I remember seeing The Matrix for the first time, having no prior knowledge of the movie, and coming out of it thinking: "A big budget Hollywood movie about epistemology! How cool is that?!" Now the image of the Matrix is such a commonplace that philosophers have started using it, at least as a pedagogical tool, as in this game on the Philosophers Magazine website, and on Thoughts, Arguments, and Rants (look at the entry for Sunday). There are even two different books on the subject: The Matrix and Philosophy: Welcome to the Desert of the Real and Taking the Red Pill: Science, Philosophy and Religion in The Matrix. Apparently there was also a post on the 617 blog about multi-level Matrices, but unfortunately as I write this their archives are unavailable, so I don't know if it has anything to do with what I'm going to talk about.

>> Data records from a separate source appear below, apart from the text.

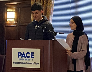 Junior Manahel Shuja said, “The visit to Pace Law allowed me to participate in activities that enhance my knowledge and understanding of what the life of a law student is like, as well as what a lawyer does on a daily basis. The whole experience was a very fun and unique one. I really enjoyed it.”
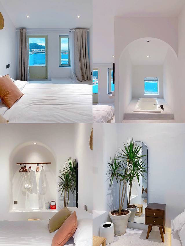 房间内都是纯白色的简约风,形状有一点类似于洞穴,我定的是唯一一间在最高处四层的房间,也是最贵的房型,拥有一个独立的私人大露台,视野无敌,门外另一边也有一个大露台,虽然是公共区域,但也不会有其他人上来。想等于包场。
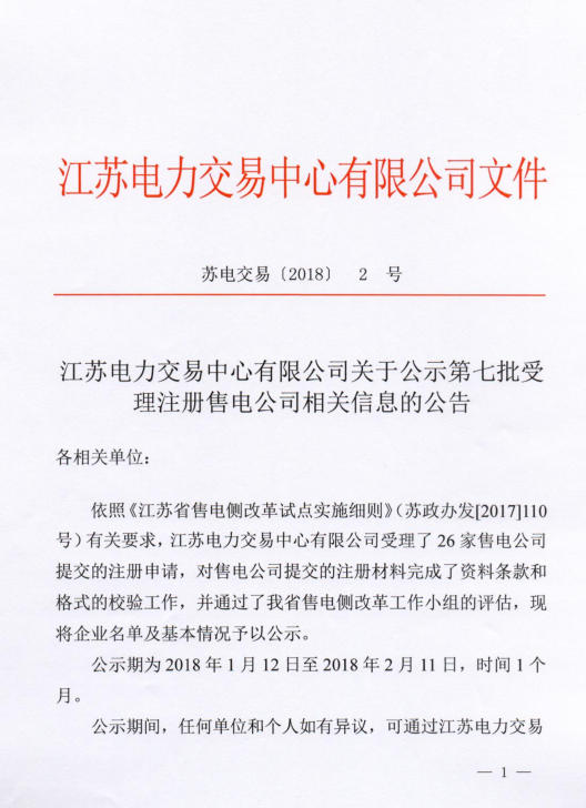 江蘇電力交易中心日前發(fā)布了《關(guān)于公示第七批受理注冊(cè)售電公司相關(guān)信息》的公告,公告中稱,江蘇電力交易中心受理了26家售電公司提交的注冊(cè)申請(qǐng),公示期為2018年1月12日至2018年2月11日,時(shí)間1個(gè)月。詳情如下:
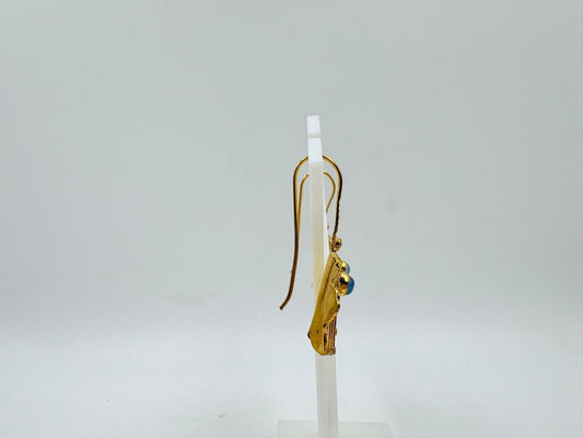 Brass Blue Stone Earrings – 18K Colour Gold Plated Leaf Design Dangle Earrings
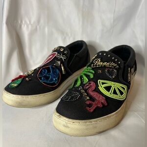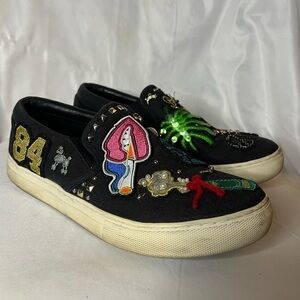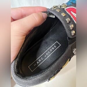 Marc Jacobs Mercer Slip On In Negro Black. Slip on style flat shoes. Embellished with patches, embroidery, sequins, rhinestones, etc. Moderate signs of wear - mainly just the white rubber sole. Still in really great condition. All embellishments are excellent condition. Size 39 (fits an 8 - 8 1/2).
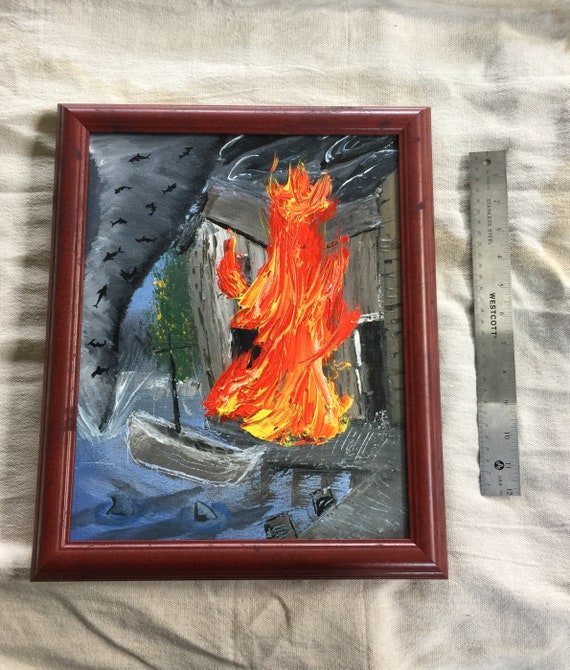 Sharknado And Burning Docks Thrift Store Monster Painting In Etsy
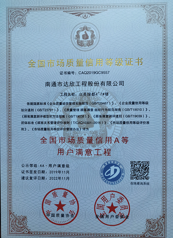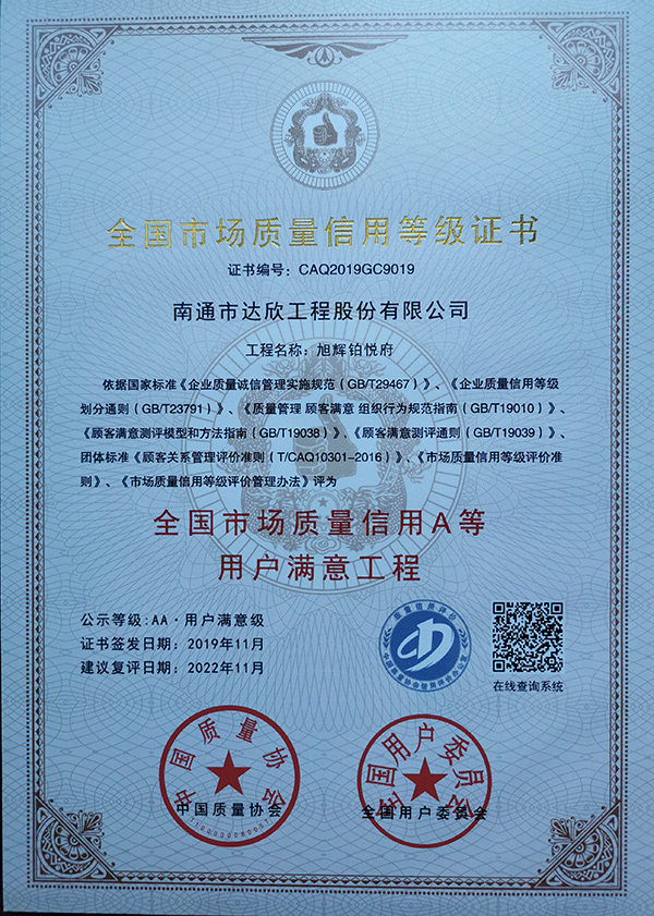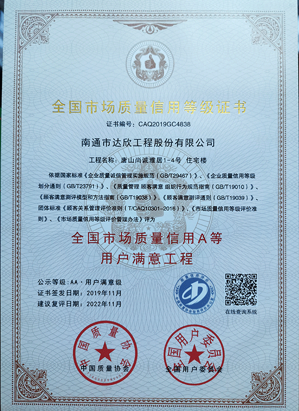 一舉獲得三項(xiàng)殊榮不僅僅是向外界展示了達(dá)欣集團(tuán)在工程建設(shè)上的技術(shù)實(shí)力和精品工程信譽(yù)度,更是達(dá)欣集團(tuán)在工程建設(shè)中以“質(zhì)量贏得市場,使企業(yè)建立較強(qiáng)的市場競爭力”。

The basic Matrix argument is that a) you cannot be sure that every experience you have is not a perfect computer simulation and b) this is a live possibility in a way that , say, pure solipsism or the theory that there's an intangible invisible imp on your shoulder is not, in that there is a possible experience you could have which would tend to confirm it: to whit, being unplugged from the Matrix. Of course, the same argument applies to the world outside of the Matrix: the people who unplugged you face the same possibility that they and you are in a higher-level Matrix, which could be confirmed by being unplugged. Obviously this leads to an infinite regress of suppositions, but that doesn't mean it's wrong.
What I would like to consider is the Matrix scenario with a twist: Upon being unplugged from the Matrix, when the unpluggers tell you "Welcome to the Desert of the Real," you respond:
"What do you mean, real? This world that you call real is itself a computer simulation. When you attempt to look in on the Matrix, you're actually being fed images from the real world, where I come from; when you decided to 'unplug' me, I was plugged into your Matrix. Of course, they gave me a drug to erase my short term memory of the experience of being plugged in, so that there's no difference between my memories and what you think my memories ought to be, but there is an experience that either of us could have which would tend to confirm the truth of what I say: being unplugged."
The question about this account is not whether it is plausible (I should hope not), but whether the unpluggers would have any better reason to discount the possibility than we have of discounting the possibility of the Matrix? I don't think so; it has what appear to me to be the same salient features: it perfectly explains what experiences we do have, while suggesting an experience that we could conceivably have which would tend to confirm the theory that they were merely simulated (granted, without closing down the possibility of further experiences that might modify the conclusion). I call this the Moebius matrix because it's (very loosely) a one-sided loop: there's only one reality, despite the two apparent sides, and if you accept the argument then the "real" world is always the one that your consciousness is not currently aware of.